External validation of the models

For each antidepressant drug, we validated the final predictive model in the validation data set, an independent non-overlapping set of participants not used in any way in models derivation. We externally validated the prediction robustness and accuracy in the validation dataset of participants treated with the same drug. In addition, we evaluated drug-specificity of prediction by comparing same-drug (training and validation datasets treated with the same drug) with a cross-drug analysis (training and validation datasets treated with a different drug).

Quantification of prediction accuracy

We indexed the accuracy of prediction with the Area Under the Curve (AUC) of a Receiver Operating Curve (ROC), sensitivity, specificity and Nagelkerke pseudo R2 coefficient. AUC49 can be interpreted as the probability that a classifier can identify (discriminate) a remitter when a remitter and a non-remitter cases are selected at random. The maximum value for the AUC is 1.0, thereby indicating a (theoretically) perfect discrimination (i.e., 100% sensitive, and 100% specific).

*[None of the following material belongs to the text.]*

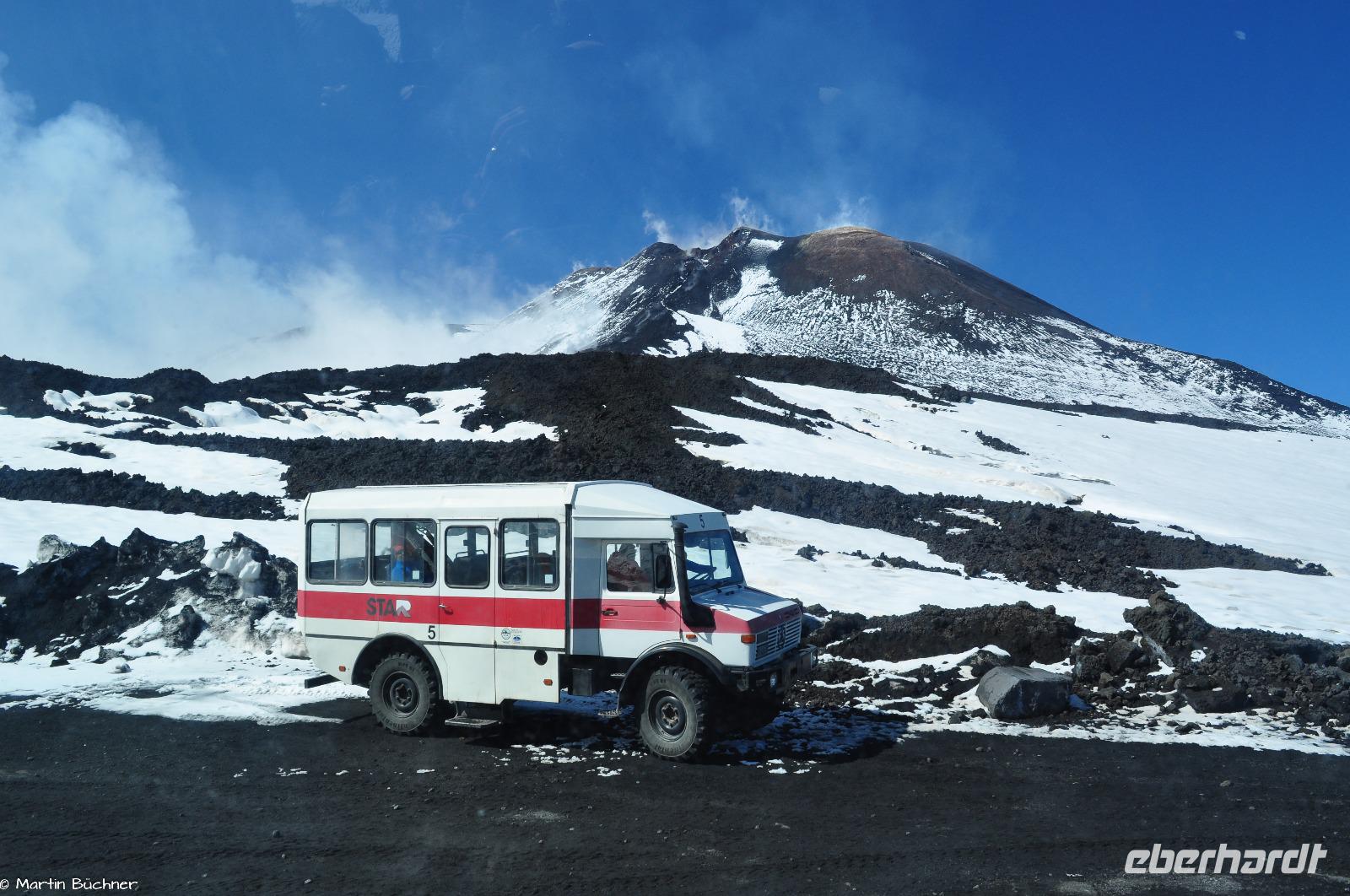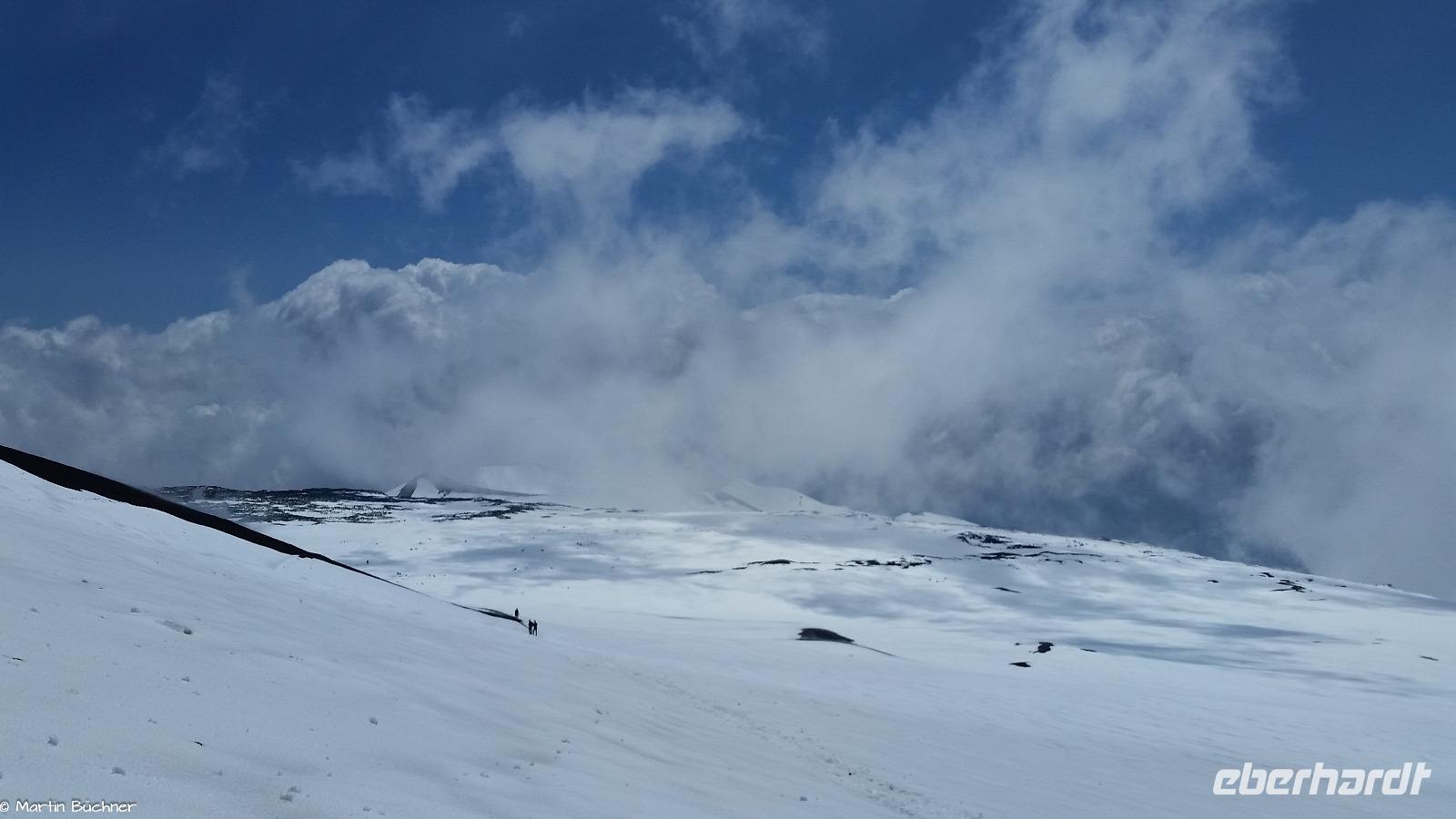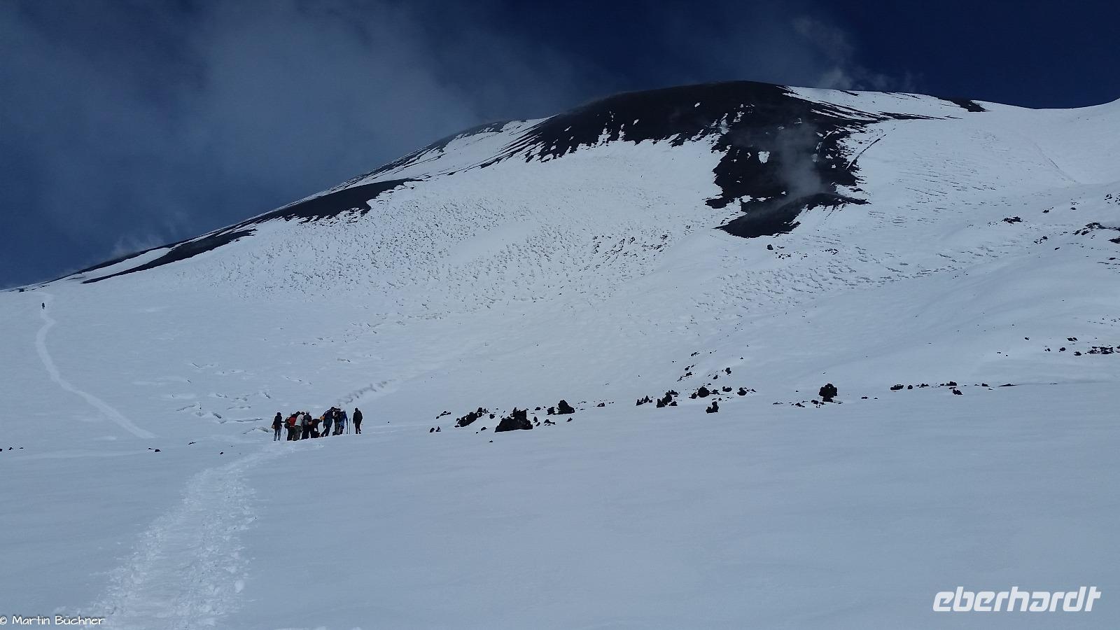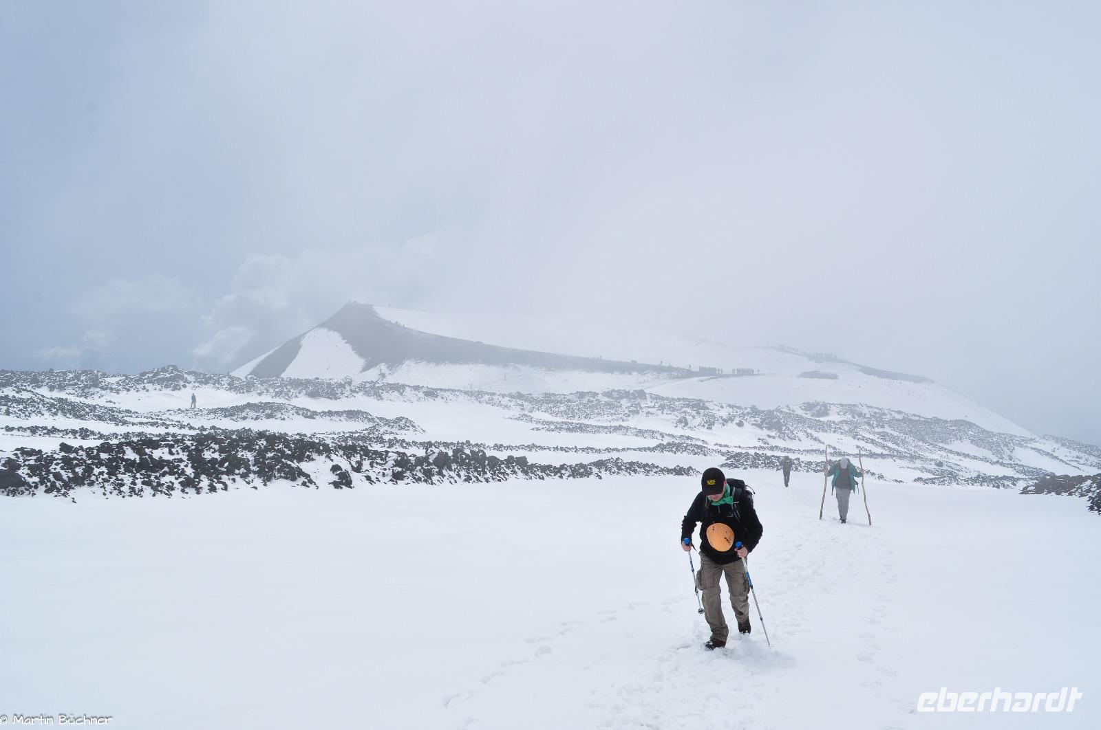 Von hier aus bringen uns Allradbusse zum Torre del Filosofo auf etwa 2.920 m. Es bietet sich ein bizarres Bild aus Eis, Schnee und vulkanischer Aktivität in Form von Dämpfen und schwarzer Lava.

An AUC value of 0.5 indicates no discriminative value (i.e., 50% sensitive and 50% specific). The Nagelkerke pseudo R2 approximates the proportion of outcome variance explained by the model.

Statistical software used for analysis

We used caret50, sda44,45, glmnet51 and pROC52 libraries from R 3.2.3 statistical software53.

Data availability statement

The data that support the findings of this study are available from the corresponding author on reasonable request. Data were used under license for the current study, and so are not publicly available.